● TASK GOAL: Set down, exactly as written, the lines from the top of the data to the line that holds "磯(17画)辺(19画) 要(9画)一(1画)郎(10画)", and omit the pictures.

● SUPPLIED INFORMATION:
○ ○ ○ ○ ○

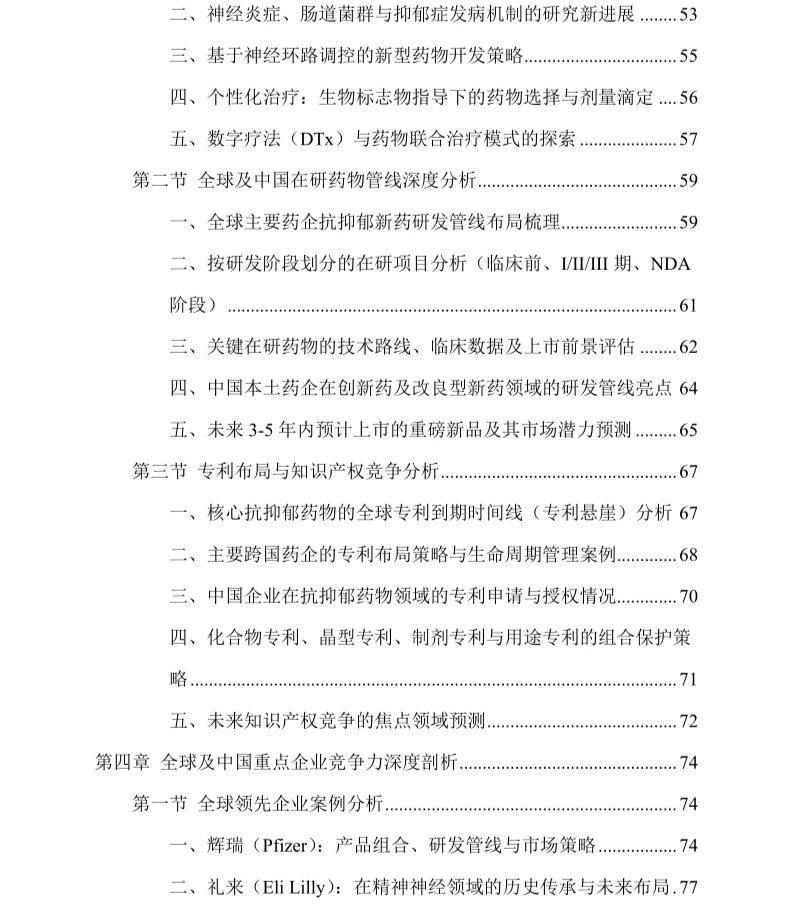 同时全球抗抑郁药物研发正迎来三十年未遇的“创新拐点”。传统的单胺类神经递质理论正在被突破从 NMDA 受体拮抗剂到神经可塑性调节,从炎症免疫机制到肠道微生物-脑轴研究,新一代药物正在从根本上改写“抑郁症如何被治疗”的科学认知。以强生旗下艾氯胺酮鼻喷雾剂为代表的首个快速抗抑郁药物,仅用24 小时即可显著改善症状,打破了传统药物 4-6 周起效的桎梏。全球研发管线中,超过80个创新分子已进入临床阶段,预计 2025-2030年间将有12-18 款重磅新药上市,为全球市场注入强劲动力。
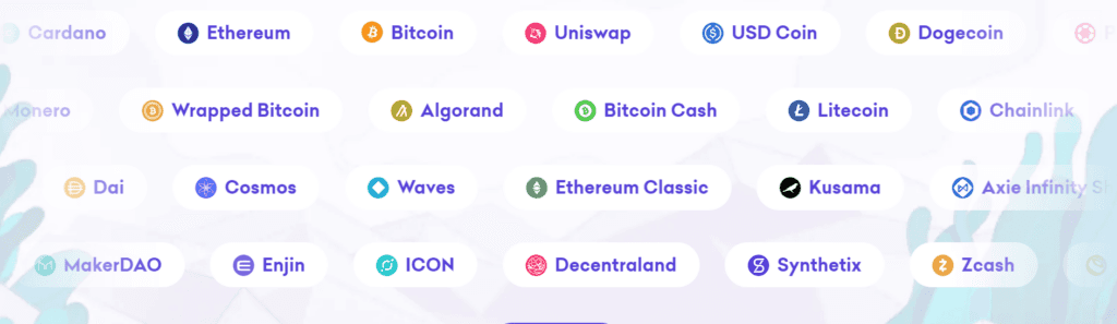 Kraken har et ganske udmærket udvalg, når det kommer til kryptovalutaer. De har i øjeblikket +185 registreret kryptovalutaer. Her er et udpluk af de mønter du kan handle:
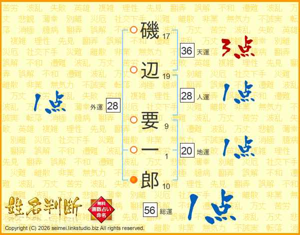 磯(17画)辺(19画) 要(9画)一(1画)郎(10画)
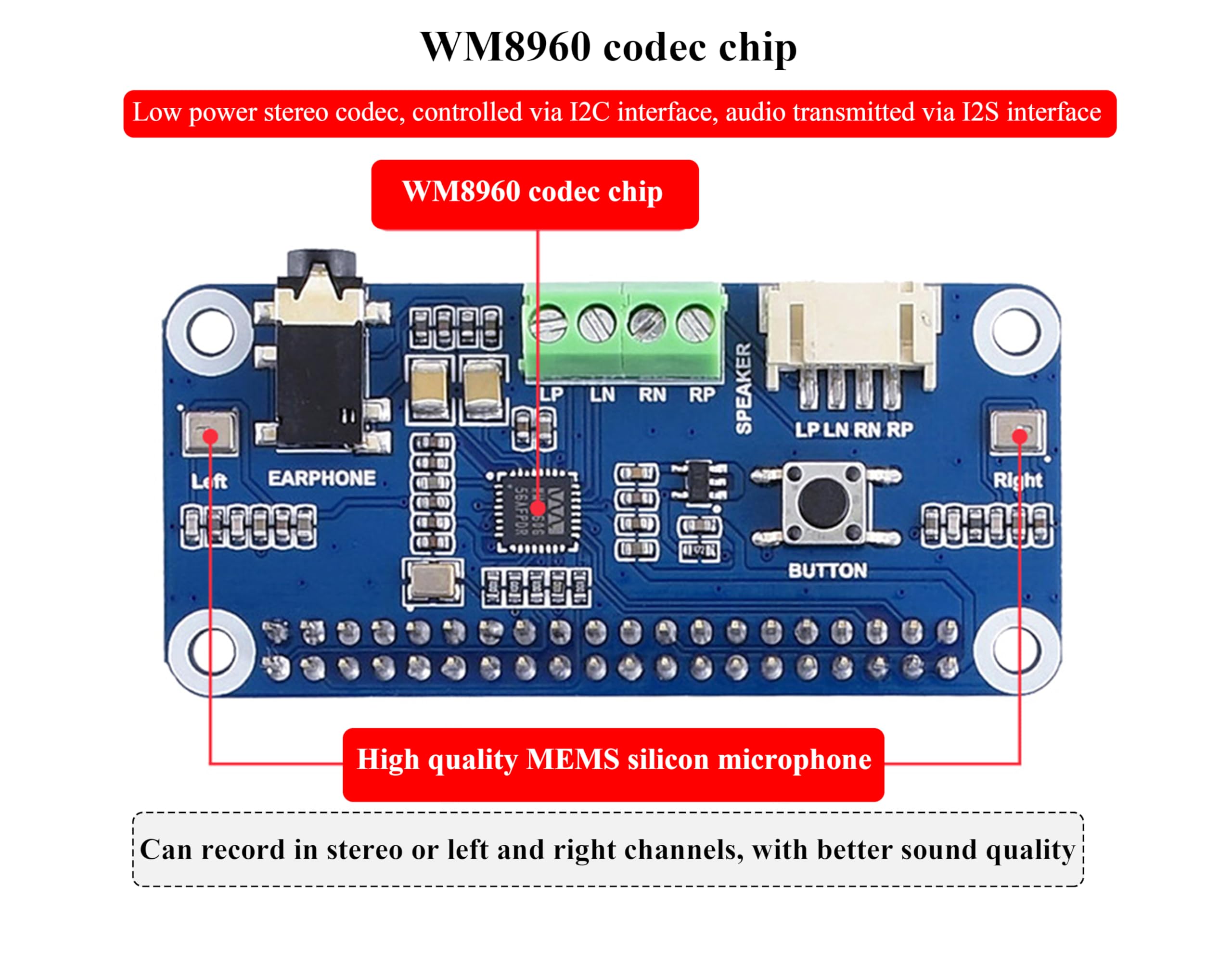 Integrates dual high-quality MEMS silicon Mic, supports left & right double channels recording, nice sound quality., Onboard standard 3., 5mm earphone jack, play music via external earphone This is a sound card HAT compatible with Raspberry Pi, has low power consumption, supports stereo encoding/decoding, features Hi-Fi playing/recording. This is a sound card HAT designed for Raspberry Pi, low power consumption, supports stereo encoding / decoding, features Hi-Fi playing / recording, what's more, it can directly drive speakers to play music I Tested the Raspberry Pi Sound Card Onboard dual-channel speaker interface, directly drives speakers Audio HAT Module for Raspberry Pi 4B/3B /3B/2B/B /A /Zero/Zero W Supports sound effects such as stereo, 3D surrounding, etc. Comes with development resources and manual (python demo code for playing / recording): n9., cl/ugb2e HAT Pinout WM8960 Chapeau Audio Compatible Avec RPi 5/4B/3B /3B/2B/Pi Zero/Zero W/Zero WH/Pi Zero 2W/Zero 2W/Zero 2WH, WM8960 Carte Son Hi-Fi, Code Stéréo, Lecture/enregistrement Hi-Fi, Livré Avec Haut-parleur Best Microphone For Integrates WM8960 low power stereo CODEC, communicates via I2S interface. Features 1)With standard 40PIN GPIO extension header, compatible with Raspberry Pi series boards. 5)Onboard dual-channel speaker interface, directly drives speakers.

○ ○ ○ ○ ○

● RESULT OF THIS TASK:
 同时全球抗抑郁药物研发正迎来三十年未遇的“创新拐点”。传统的单胺类神经递质理论正在被突破从 NMDA 受体拮抗剂到神经可塑性调节,从炎症免疫机制到肠道微生物-脑轴研究,新一代药物正在从根本上改写“抑郁症如何被治疗”的科学认知。以强生旗下艾氯胺酮鼻喷雾剂为代表的首个快速抗抑郁药物,仅用24 小时即可显著改善症状,打破了传统药物 4-6 周起效的桎梏。全球研发管线中,超过80个创新分子已进入临床阶段,预计 2025-2030年间将有12-18 款重磅新药上市,为全球市场注入强劲动力。
 Kraken har et ganske udmærket udvalg, når det kommer til kryptovalutaer. De har i øjeblikket +185 registreret kryptovalutaer. Her er et udpluk af de mønter du kan handle:
 磯(17画)辺(19画) 要(9画)一(1画)郎(10画)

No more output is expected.